* WHAT THIS TASK INVOLVES: All of the data should be reproduced word for word, though its pictures must be omitted.
*** DATASET EXTRACT Section Begins ***
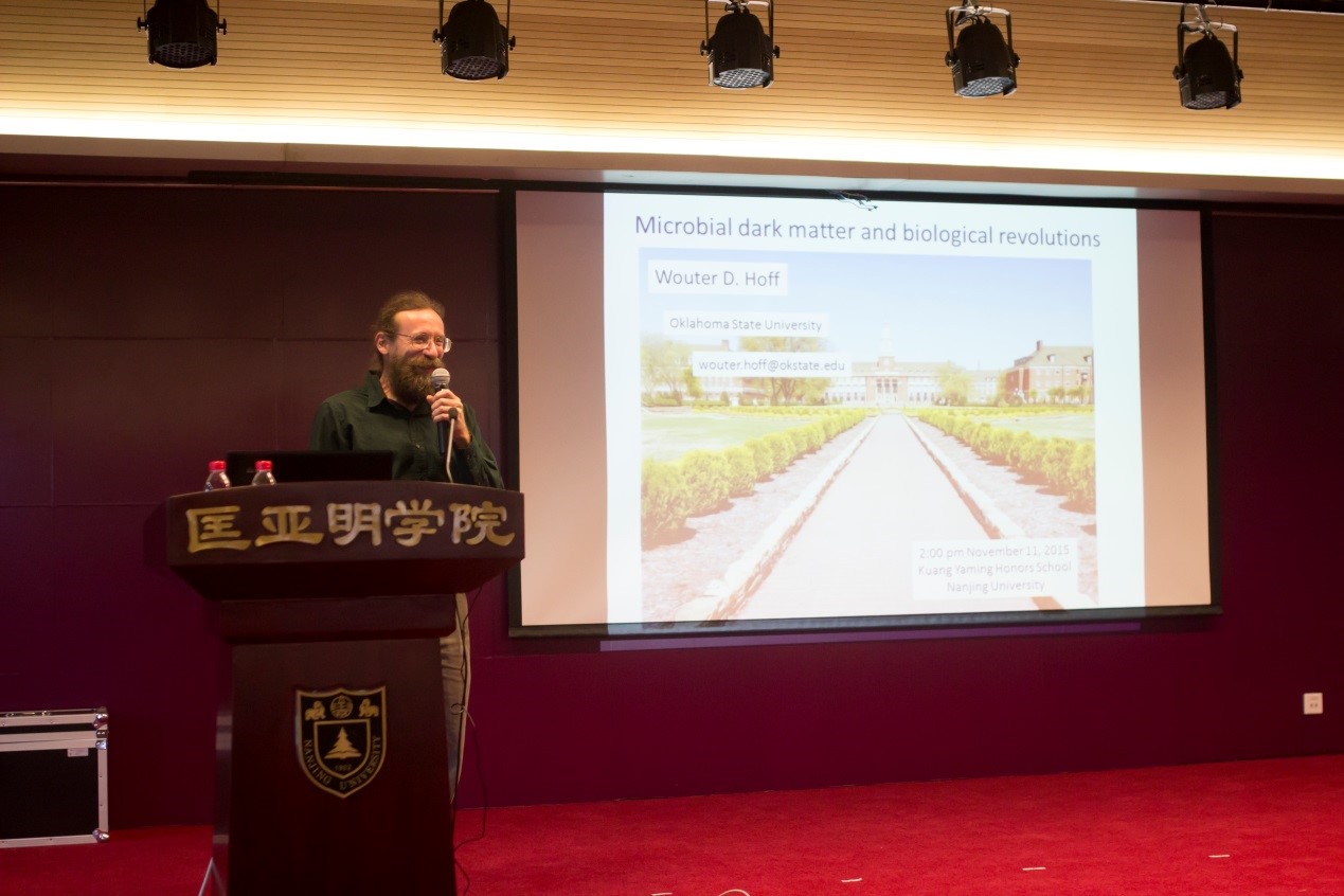 11月11日下午2:00,美国俄克拉荷马州立大学生物化学教授Wouter Hoff为2014级同学们作了题为“Microbial Dark Matter and Biological Revolutions”的讲座。作为生物化学研究的知名专家,Wouter Hoff教授主要研究基因组以及相关生物化学问题。Wouter Hoff教授从DNA的三种测序方法,电子显微镜的发展,再到基因组的测定及研究,始终贯穿着生物学思想中的创新思维,还配以生动的动画讲解,形象易懂,深入浅出。讲座由拉斯维加斯娱乐城平台 王炜院长主持。
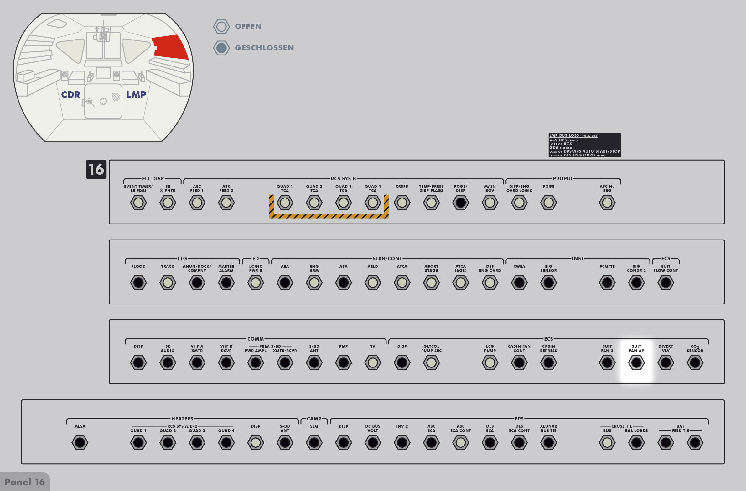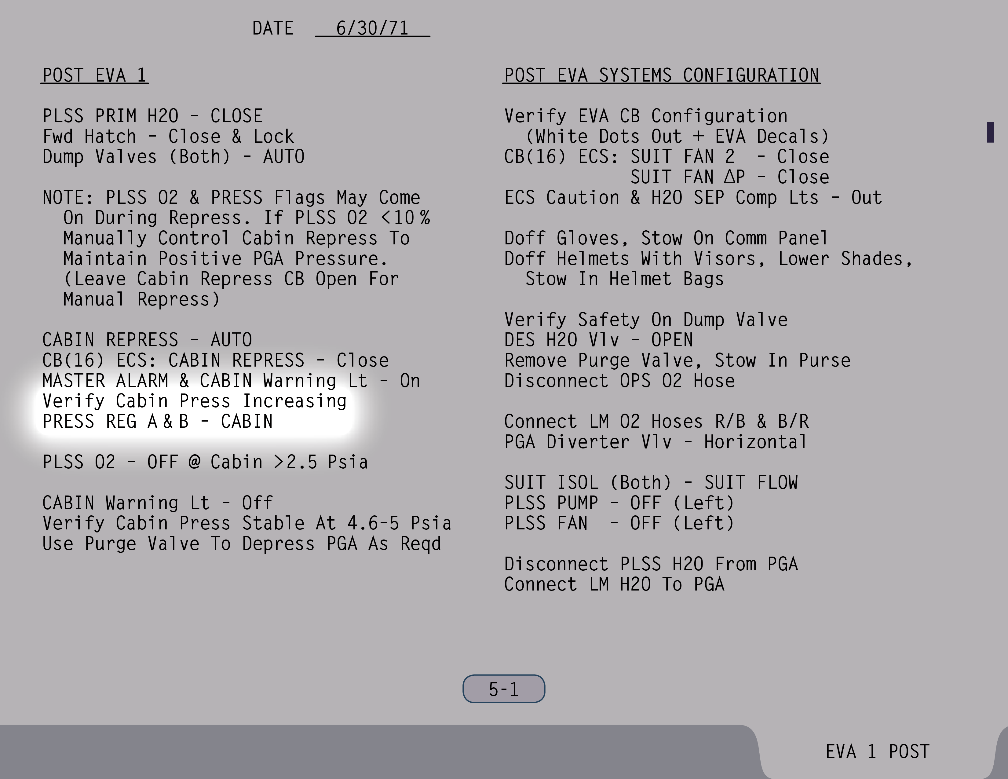 Jim denkt hier kurz, er hätte zuerst den Sicherungsschalter Kabinendruckwiederherstellung auf Paneel 16 schließen müssen, bevor er das Ventil Kabinendruckwiederherstellung umstellt. Es passierte selten, aber wenn den Apollo‑Besatzungen bei den Verfahrensweisen tatsächlich ein Fehler unterlief, dann meistens, weil sich die Astronauten eher auf ihr Gedächtnis verließen, anstatt in der Checkliste zu lesen. Ein Beispiel dafür sind die Probleme von Pete Conrad und Al Bean während der Vorbereitung auf EVA‑1
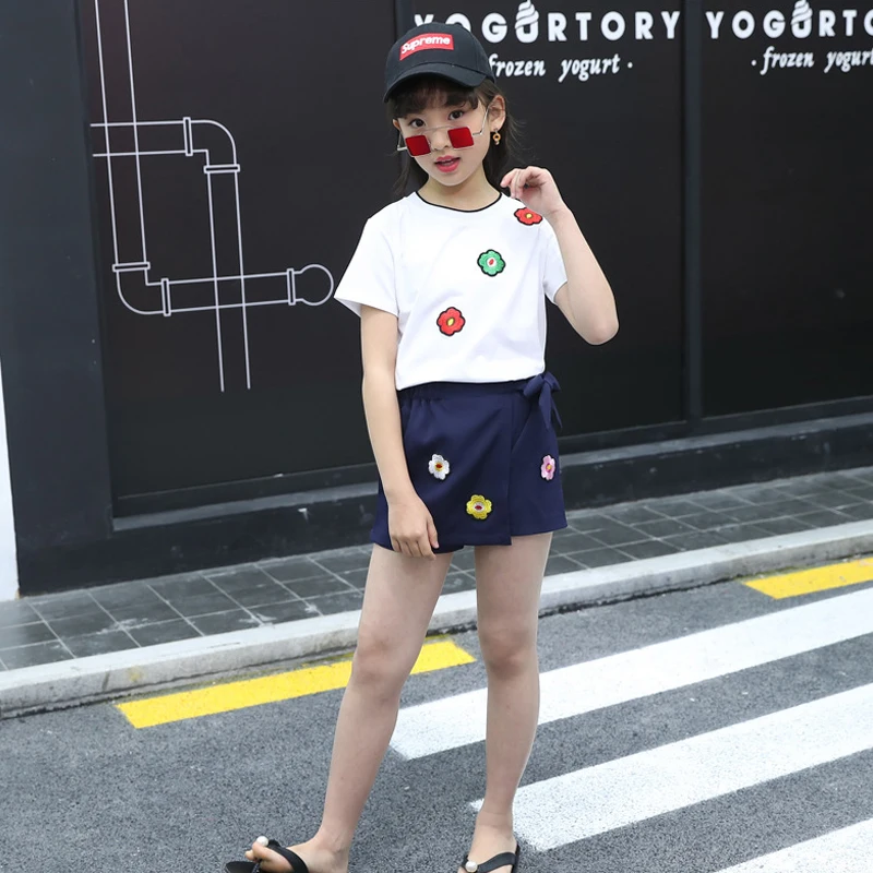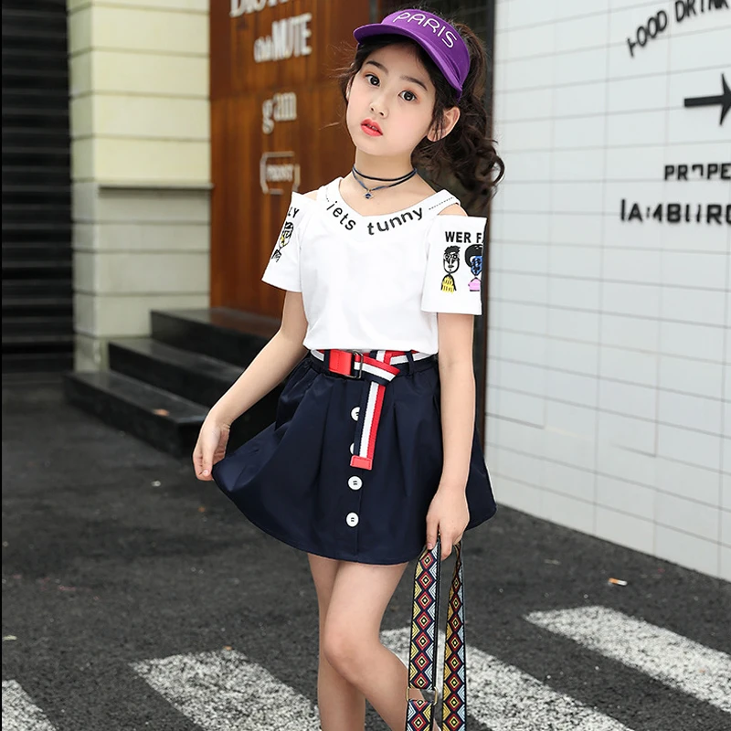 Одежда для девочек; Летняя модная футболка с короткими рукавами; Свитер; Короткая юбка; Брюки; Хлопковый комплект из двух предметов с принтом; Лидер продаж; Качественная одежда
*** DATASET EXTRACT Section Ends ***
* ANSWER:
 11月11日下午2:00,美国俄克拉荷马州立大学生物化学教授Wouter Hoff为2014级同学们作了题为“Microbial Dark Matter and Biological Revolutions”的讲座。作为生物化学研究的知名专家,Wouter Hoff教授主要研究基因组以及相关生物化学问题。Wouter Hoff教授从DNA的三种测序方法,电子显微镜的发展,再到基因组的测定及研究,始终贯穿着生物学思想中的创新思维,还配以生动的动画讲解,形象易懂,深入浅出。讲座由拉斯维加斯娱乐城平台 王炜院长主持。
 Jim denkt hier kurz, er hätte zuerst den Sicherungsschalter Kabinendruckwiederherstellung auf Paneel 16 schließen müssen, bevor er das Ventil Kabinendruckwiederherstellung umstellt. Es passierte selten, aber wenn den Apollo‑Besatzungen bei den Verfahrensweisen tatsächlich ein Fehler unterlief, dann meistens, weil sich die Astronauten eher auf ihr Gedächtnis verließen, anstatt in der Checkliste zu lesen. Ein Beispiel dafür sind die Probleme von Pete Conrad und Al Bean während der Vorbereitung auf EVA‑1
 Одежда для девочек; Летняя модная футболка с короткими рукавами; Свитер; Короткая юбка; Брюки; Хлопковый комплект из двух предметов с принтом; Лидер продаж; Качественная одежда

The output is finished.